Consumer Group과 파티션 할당

Topic: orders (6 partitions)

Consumer Group: order-processor

===================================

Case 1: 3 Consumers

Consumer A: [P0] [P1]

Consumer B: [P2] [P3]

Consumer C: [P4] [P5]

Case 2: 6 Consumers (이상적)

Consumer A: [P0]

Consumer B: [P1]

Consumer C: [P2]

Consumer D: [P3]

Consumer E: [P4]

Consumer F: [P5]

Case 3: 8 Consumers (2개 유휴)

Consumer A: [P0]

Consumer B: [P1]

Consumer C: [P2]

Consumer D: [P3]

Consumer E: [P4]

Consumer F: [P5]

Consumer G: (유휴 - idle)

Consumer H: (유휴 - idle)

파티션 할당 전략

// 파티션 할당 전략 비교

Properties props = new Properties();

// 1. Range Assignor (기본)

props.put("partition.assignment.strategy",

"org.apache.kafka.clients.consumer.RangeAssignor");

// 토픽별로 파티션을 범위로 나눔

// Topic A: P0,P1,P2 → C1: [P0,P1], C2: [P2]

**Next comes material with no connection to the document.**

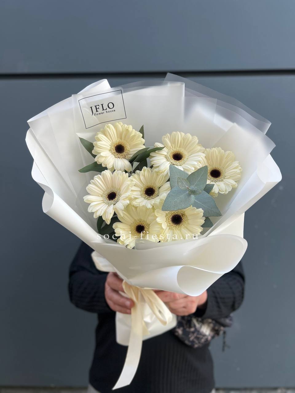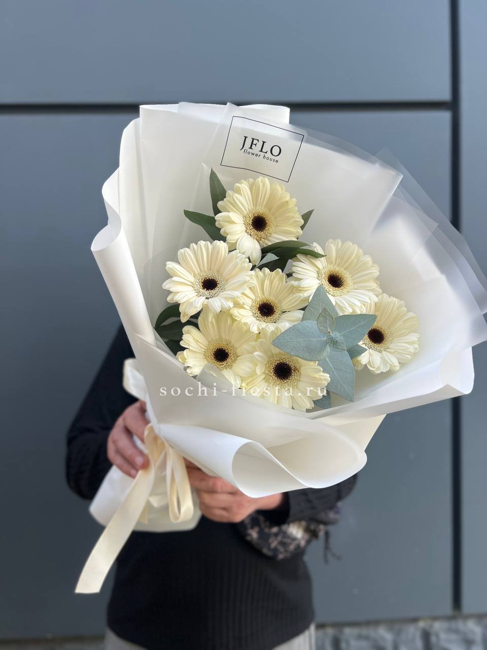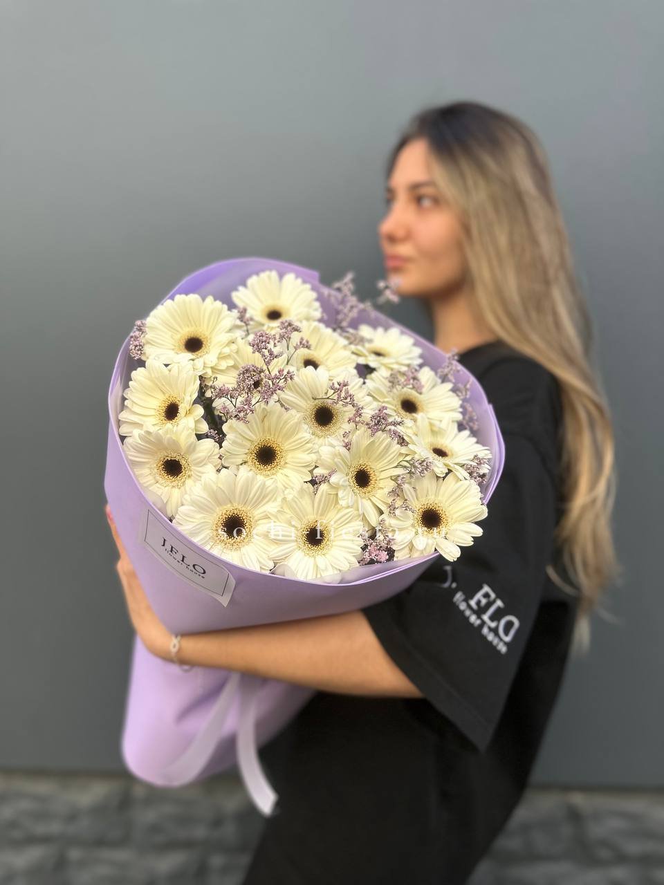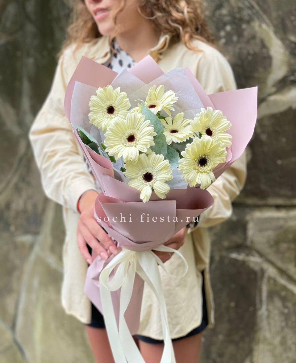 Голландские герберы сорта Solare дополнены воздушным лимониумом, который создаёт лёгкую дымку вокруг ярких головок. Дизайнерская упаковка завершает композицию, удобную для размещения в любом интерьере.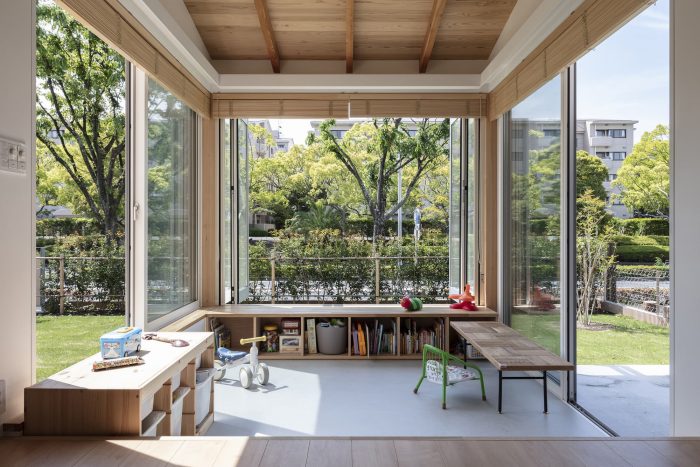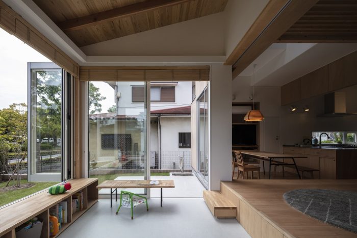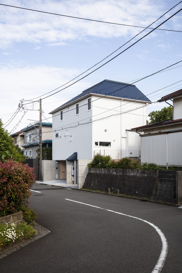 The site is part of a tiered land development project for residential lots that began in the 1980s and is located in a suburban residential area with street trees and gardens lining the south side of the site, and a covenant that systematically creates a green and favorable living environment. The owners are a young couple, their children, dogs, and a cat. The client requested a large garden to play in, an open LDK, a floor plan that would allow for easy communication and privacy as the children grow, a Japanese-style room, a rooftop, and a parking space.

// Topic B: P0,P1,P2 → C1: [P0,P1], C2: [P2]

// 문제: C1에 편중

// 2. RoundRobin Assignor

props.put("partition.assignment.strategy",

"org.apache.kafka.clients.consumer.RoundRobinAssignor");

// 모든 토픽의 파티션을 라운드 로빈으로 분배

// C1: [A-P0, B-P1], C2: [A-P1, B-P0], C3: [A-P2, B-P2]

// 3. Sticky Assignor

props.put("partition.assignment.strategy",

"org.apache.kafka.clients.consumer.StickyAssignor");

// 기존 할당 최대한 유지 + 균등 분배

// 리밸런싱 시 최소한의 파티션만 이동

// 4. CooperativeSticky Assignor (권장)

props.put("partition.assignment.strategy",

"org.apache.kafka.clients.consumer.CooperativeStickyAssignor");

// Sticky + 점진적 리밸런싱

// 전체 중단 없이 파티션 재할당

리밸런싱: Eager vs Incremental

Eager Rebalancing (기존 방식)

================================

1. Consumer C3 추가됨

2. 모든 Consumer가 파티션 해제 (Stop-the-World)

C1: [] C2: [] C3: []

3. 새로운 할당 계산

4. 파티션 재할당

C1: [P0,P1] C2: [P2,P3] C3: [P4,P5]

→ 전체 처리 중단 발생!

Incremental Cooperative Rebalancing (권장)

================================

1. Consumer C3 추가됨

2. 1차 리밸런스: 이동 필요한 파티션만 해제

C1: [P0,P1,P2] → C1: [P0,P1] (P2 해제)

C2: [P3,P4,P5] → C2: [P3,P4] (P5 해제)

3. 2차 리밸런스: 해제된 파티션을 C3에 할당

C3: [] → C3: [P2,P5]

→ 나머지 파티션은 중단 없이 계속 처리!

오프셋 관리

// 자동 커밋 (기본)

props.put("enable.auto.commit", "true");

props.put("auto.commit.interval.ms", "5000");

// 위험: 처리 전 커밋되면 메시지 유실 가능

// 수동 커밋 (권장)

props.put("enable.auto.commit", "false");

while (true) {

ConsumerRecords<String, String> records = consumer.poll(Duration.ofMillis(100));

for (ConsumerRecord<String, String> record : records) {

// 메시지 처리

processRecord(record);

}

// 동기 커밋 (처리 완료 후)

consumer.commitSync();

// 또는 비동기 커밋 (성능 향상)

consumer.commitAsync((offsets, exception) -> {

if (exception != null) {

log.error("Commit failed", exception);

}

});

}

오프셋 저장소: __consumer_offsets 토픽

============================================

Key: (group_id, topic, partition)

Value: (offset, metadata, timestamp)

예시:

Key: (order-processor, orders, 0)

Value: (offset=42, metadata="", timestamp=1700000000)

4. Exactly-Once Semantics

메시지 전달 보장 수준

At-Most-Once (최대 한 번)

================================

Producer ──send()──▶ Broker

(acks=0, 확인 안 함)

- 메시지 유실 가능

- 중복 없음

- 가장 빠름

At-Least-Once (최소 한 번)

================================

Producer ──send()──▶ Broker ──ack──▶ Producer

(acks=all, 재시도 있음)

- 메시지 유실 없음

- 중복 가능

- 대부분의 기본 설정

Exactly-Once (정확히 한 번)

================================

Producer ──txn──▶ Broker ──commit──▶ Consumer(read_committed)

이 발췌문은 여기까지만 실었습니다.